A three dimensional maze game based on a story by James Graham Ballard. Unlike most mazes this game also features passages going up and down.
Released in June 1975.
Bruce Wallace wrote the program as a class project for a Science Fiction summer class at Florida State University that he was taking to get some English basic study credit. Being a math/compSci major, and working as a programmer on the side for the FSU Computing Center, he had access to the new whiz bang Plato system. And since the English prof didn't limit the projects to scholarly papers or what not, he used it as an excuse to try its hand at Tutor (the prog language of Plato).
From a letter to Bruce Wallace asking for more information(1):
"I frankly didn't remember being inspired by anything other than JG Ballard's Build Up short story for the game design, but decades later when I came across a web page about the Maze Game. I was shocked at how identical it looked, so I must have somehow seen a picture in Scientific American magazine or some such and said I can program that!
(...just like I did later with Asteroids in Space for the Apple II after playing an Asteroids prototype being beta-tested by Atari at a local saloon in Mtn View. I went home that Fri nite and by Mon morning it was all programmed in Apple Pascal... it turned out so well, just too slow, that I hand translated it to 6809 assembly code and then marketed it by walking around one afternoon at the 1980 West Coast Computer Faire giving demos to publishers; took the best of 4 offers on the spot)... but I digress ;-D
Because of the very extended character set, and graphics capability of Plato/Tutor, the program listings you'd get from the CDC line printers (normally not even having to handle lower case given CDC's 6-bit character codes) were fairly useless and unreadable if the goal was to be able to re-enter the program just from the listing.

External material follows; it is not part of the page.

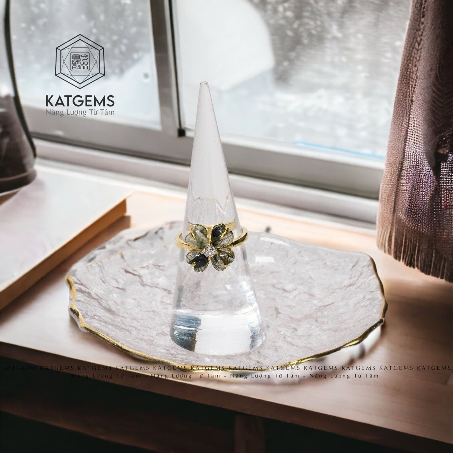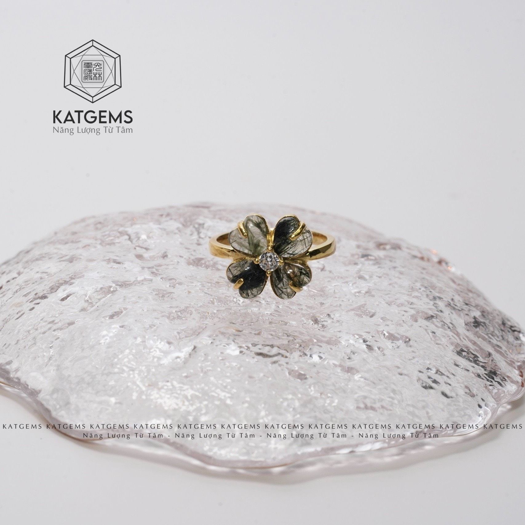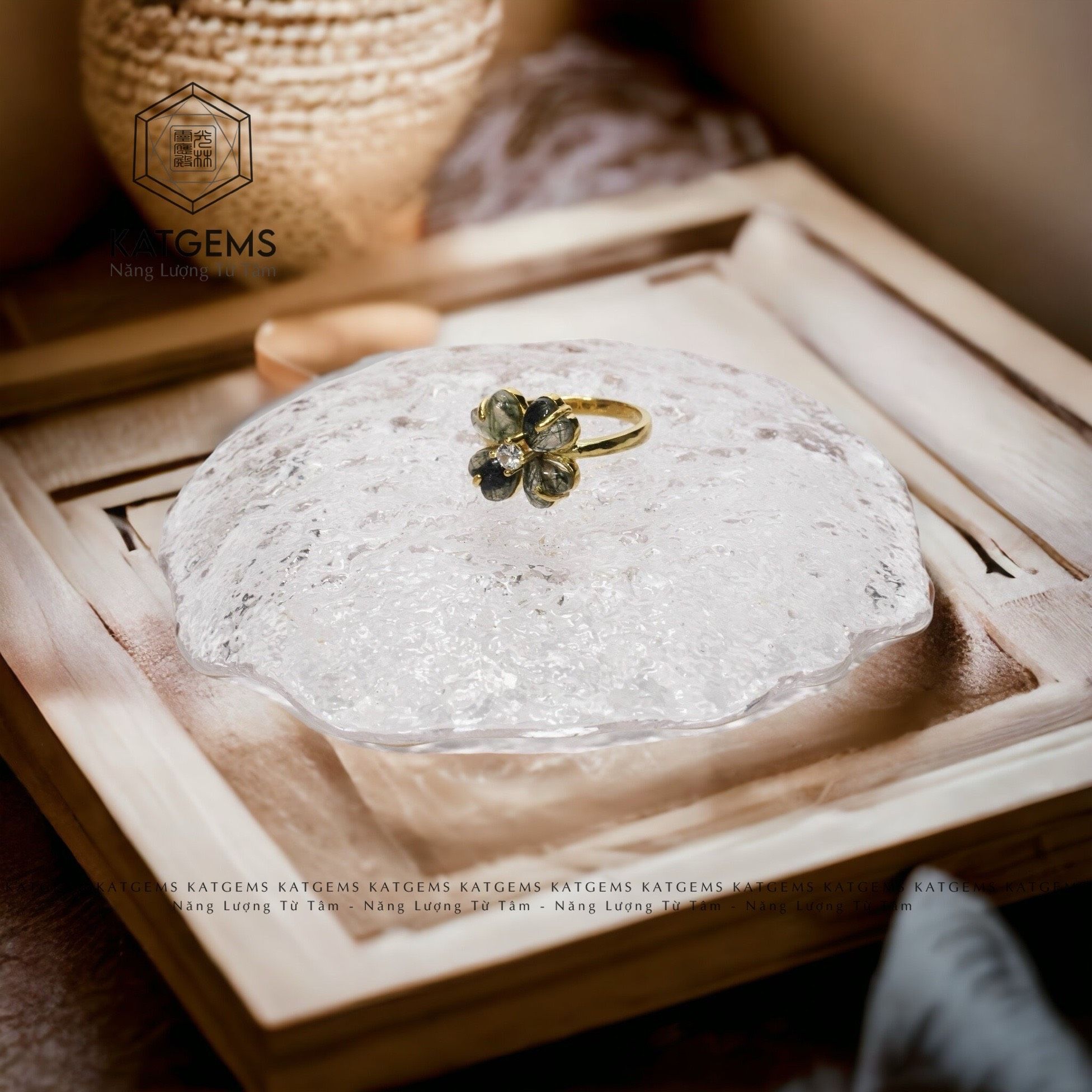 Nhẫn Cỏ Bốn Lá Thạch Anh Tóc Xanh Vàng Trang Sức (Hỏa, Mộc)

I had a printout for years but I believe I dumped it in 2008 along with many others in my post-divorce existential crisis: I'm going light/mobile and moving to France! LOL
UNLIKE the Maze Game, but like the short story, my game was 3-D also in the sense that there were multiple levels to the maze with openings in the floor and ceiling that connected the maze at each level.
[Brief synopsis of short story Build Up: Future Earth is so built up with multi-story buildings and elevated trains, etc that you can take trains UP for ages before hitting the top if it even existed because it has been long forgotten if there even was an end to the build up. The protagonist goes on a quest to get to the "top".]
As far as the game, The player begins in a random spot in the maze, and would therefore not know where they were when looking at the separate maze map view until they had moved around a while taking note of where the doors were and weren't. (Can you say: Adventure?) They would move one "step" at a time either forward, left or right, up or down, depending on which directions were open at that point. (Again the visuals are just like Maze Game picture...I definitely never played that game but the still photo/drawing is really similar.) Like the short story, the goal was to find your way out the top of the top level There was a separate map display that you could toggle between showing the maze layout for the multiple floors.
AS IS often the case with great ideas, a fun feature came out of a mistake. It turns out that I had a bug in the program that, if the map data was wrong, caused a door in one direction to be missing after you went thru it, effectively making one-way doors. As a side effect that meant that you might get trapped in a dead end section of the maze because you couldn't go back out once you were in! I decided that was a neat "feature" and added a "warp" command to move you randomly to some other place in the maze so that you could get out of being boxed in forever.
Since Plato programs could communicate from one user's instance to another's, I had plans to let you see other people currently playing if they were in your view. Also had plans to add the ability for players to put markers on the walls so that you could leave your own bread crumbs as it were. Those features never got added since I ran out of summer. ;-D
Programs on Plato (at least at FSU) were just left going once they were there (unlike normal mainframe programs you would write for programming classes), so, the program definitely lived beyond the class demonstration, but I have no idea what happened to it after I graduated in Dec 1977 and moved to Silicon Valley."